Another strategy to enhance the efficacy of PCV so that T cell killing of cancer cells outpaces cancer cell growth could be to vaccinate patients at earlier stages or when they have smaller numbers of cancer cells, i.e., with minimal residual disease burden, limited metastatic spread, or immediately after resection of large tumors. BioNTech is commencing such a trial (NCT04486378) in early stage CRC patients with minimal residual disease. In many patients, colorectal cancer has already metastasized by their initial diagnosis making it imperative to find treatments not only in earlier stages but in late-stage (metastatic) settings with significant disease burdens and high rate of cancer cell growth.

Conclusions

Carefully choosing immunotherapy combinations with PCV may in future prove to be useful for enhancing T cell killing of tumors and metastases in MSS-mCRC patients.
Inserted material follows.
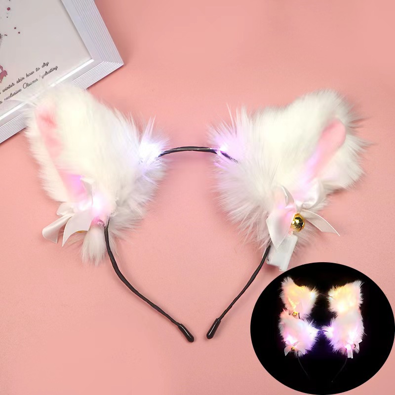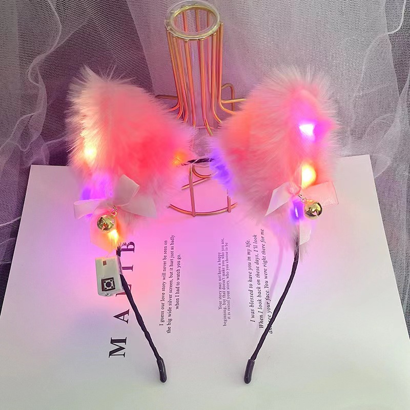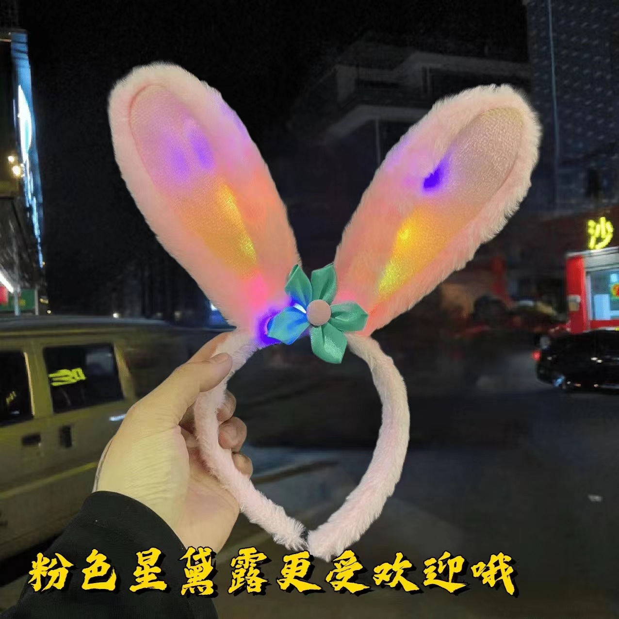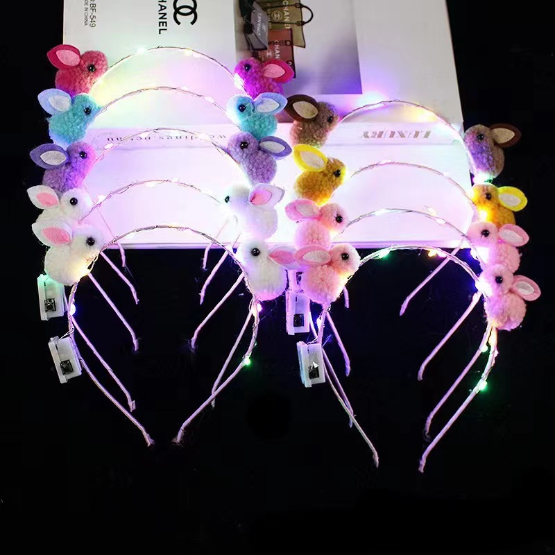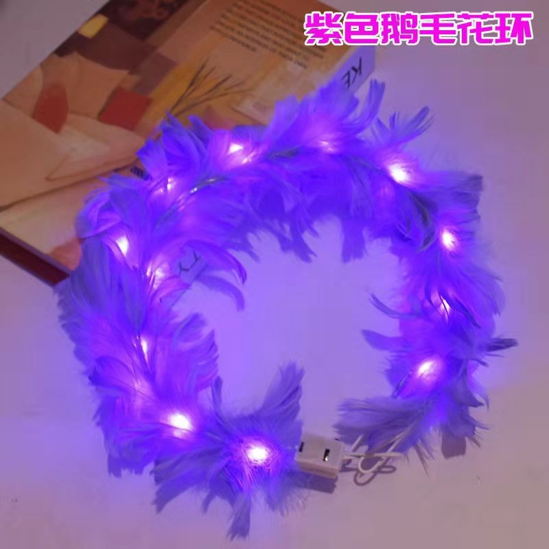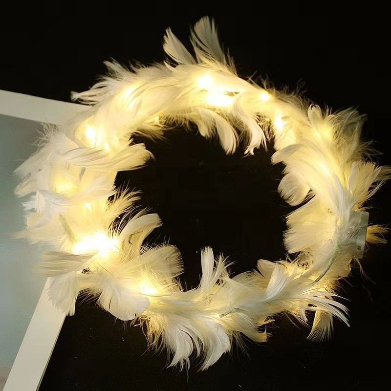 发光发箍女式羽毛仙女风发箍可爱发饰天使花环头箍带灯毛绒兔耳朵

While limited to a small number of patients, clinical case studies and early clinical trials suggest that, in future, synergistic therapeutic combinations including drugs that can simultaneously slow the cancer cell growth rate (e.g., targeted therapies, multikinase inhibitors, chemotherapies) and enhance the T cell killing rate of cancer cells (e.g., from a PCV, CPI, radiation) may be used to treat MSS-mCRC. If the balance can be struck in favor of T cell killing of cancer cells over cancer cell reproduction, this may ensure that fewer than one cancer cell is created for every cancer cell killed, bringing the basic reproductive rate of cancer cells below 1 (R0 < 1) to treat and control the disease.